> _TASK BRIEF_
Only the lines from the one with "田北 兵悟さんの総格は27画の3点!" through the end of the material are wanted, copied exactly and with the pictures left out.

> _INFORMATION SHOWN_
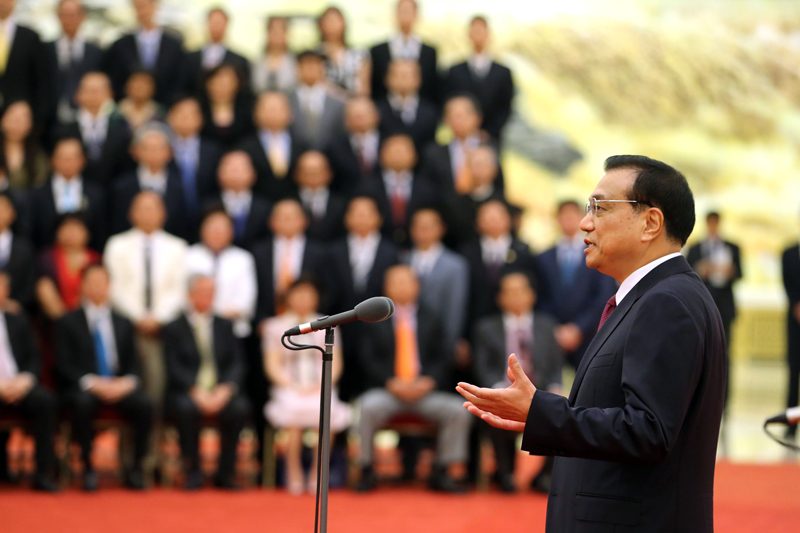国务院总理李克强6日下午在北京会见出席首届世界华侨华人工商大会的全体代表,并发表重要讲话。
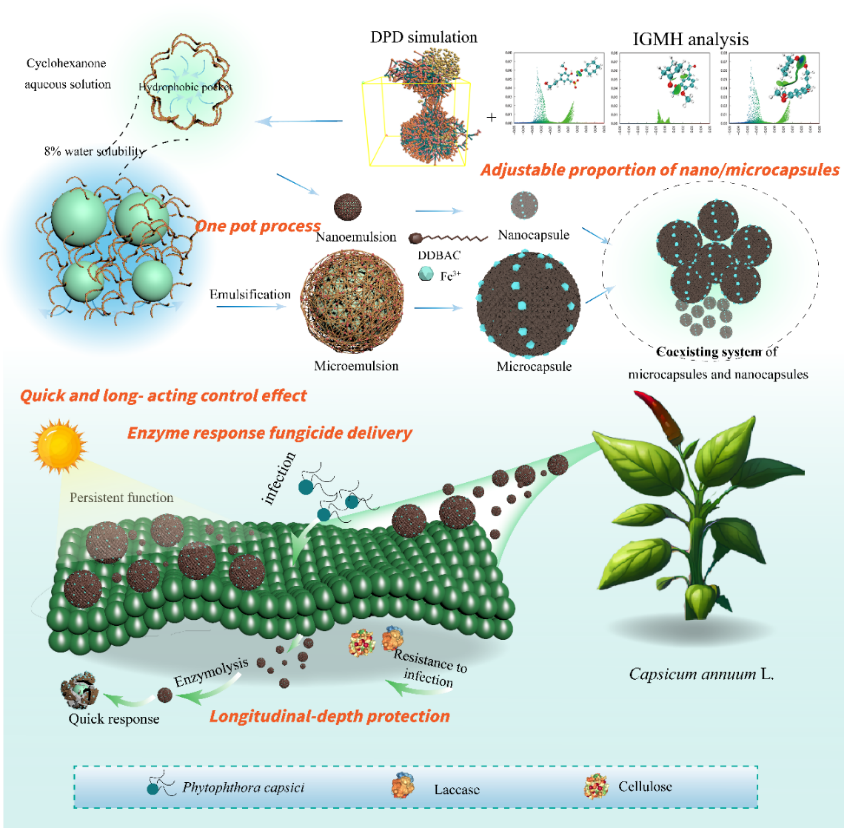 该研究以静电力为驱动力,木质素磺酸盐和烷基季铵盐为成囊原料,开发出一种一锅法能够实现微/纳米囊兼存的农药负载体系。结合实验表征以及IGMH分析和分子耗散动力学模拟阐明了纳米囊和微囊的形成机理,其中,微囊(2-3 μm)由木质素磺酸盐和烷基季铵盐在药剂和分散介质形成的油水界面上静电吸引而成,木质素磺酸盐与溶剂环己酮之间的弱相互作用驱动生成的纳米胶束,提供了纳米级模板,形成纳米囊(160-220 nm)。田间应用时,以木质素磺酸盐为囊壳组分的载药微粒与致病菌侵染植物互作过程中产生的漆酶和纤维素酶具有响应特性,导致负载活性成分加速释放,微、纳米颗粒在叶面内外各司其职,实现了对辣椒疫霉病快速且持续的控制。
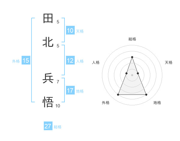 田北 兵悟さんの総格は27画の3点!
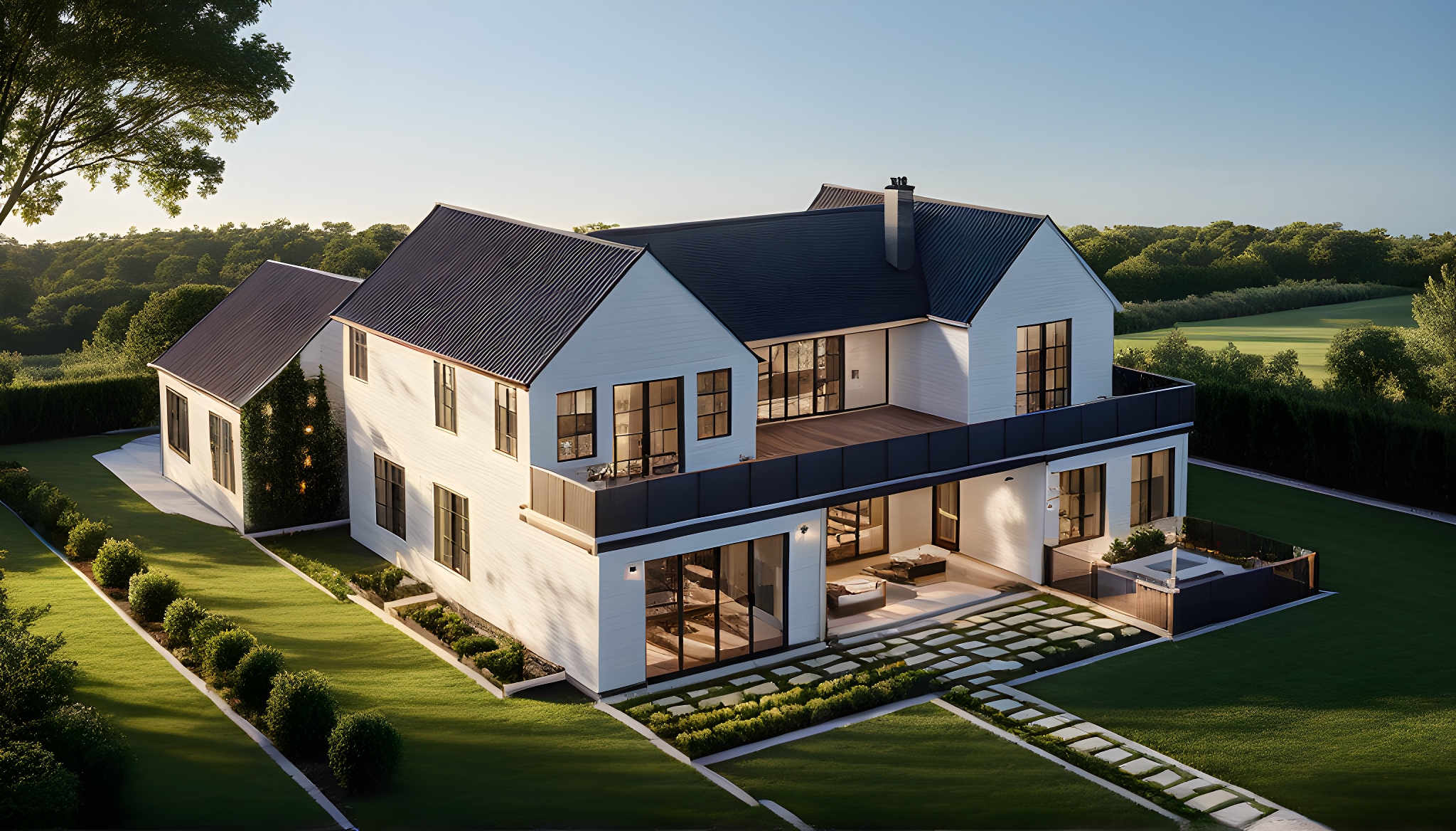 PromptLumion render style in hamptons environment, daytime rendering, lawn

> _COMPLETED EXERCISE_
 田北 兵悟さんの総格は27画の3点!
 PromptLumion render style in hamptons environment, daytime rendering, lawn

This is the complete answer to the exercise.